Боюсь, что и не сумею сказать мудрецу халдею,
что в красочной упаковке кончину свою несу
туда, где уже не слышно ни голоса, ни клаксона
и где возвещает утро назначенный бутафор,
где нет ни конца с началом и ни молодца-резона,
поскольку уже разбился остаточный светофор.
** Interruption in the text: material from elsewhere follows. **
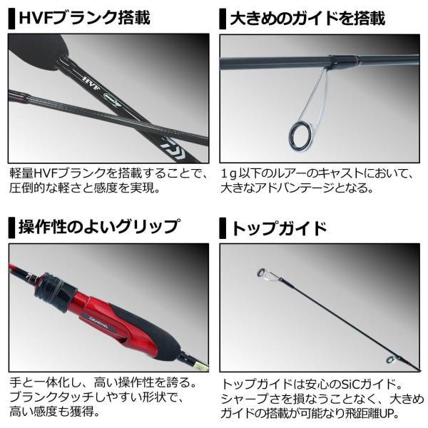 全長:2.03m 継数:2 仕舞寸法:105cm 自重:63g 先径/元径:10.7mm/9.9mm ルアー重量:0.5-8g 適合ライン ナイロン:1.5-4lb 適合ライン PE:0.1-0.4号 カーボン含有率:96% ワンランク上の軽さと操作性を兼ね添えたハイコストパフォーマンスのアジング入門ロッド。ロッドワークで誘い、フォール・ステイ中のバイトを掛けるアジングの醍醐味を堪能できる高品質なブランクと、アングラーのレスポンスを加速させる握りやすいコンパクトグリップを採用するアジングロッド。エントリークラスながら、50?台~いう超軽量・高感度設計。さらに、ラインの放出性がよいダイワ独自のガイドセッティングによって、軽いルアーの優れた遠投性を実現。また、夜間でもラインを通しやすい。 ■68L-S・・・漁港でのアジングにおいて最もスタンダードとなるはじめの1本。ジグヘッドリグを中心にスプリットショットやメタルジグなどの幅広いルアーに対応する。足場の高い堤防などでも操作が行いやすい。(2020年発売モデル)※掲載している商品の画像は代表画像を表示しています。また実物と色が違って見える場合があります。あらかじめご了承下さい。

Взлетели сплошные миги на полном своем форсаже,
и спрятался за кручину последний большой медведь,
и не было там нисколько, нисколько там не было даже
того, что весенним утром положено так хотеть.
Еще хорошо успелось, еще хорошо случилось
вдохнуть, хоть и с перепугу, свежайших, воздушных масс,
но всё через день умчалось, но всё через день свернулось
и рухнуло в два каньона в последний из первых раз.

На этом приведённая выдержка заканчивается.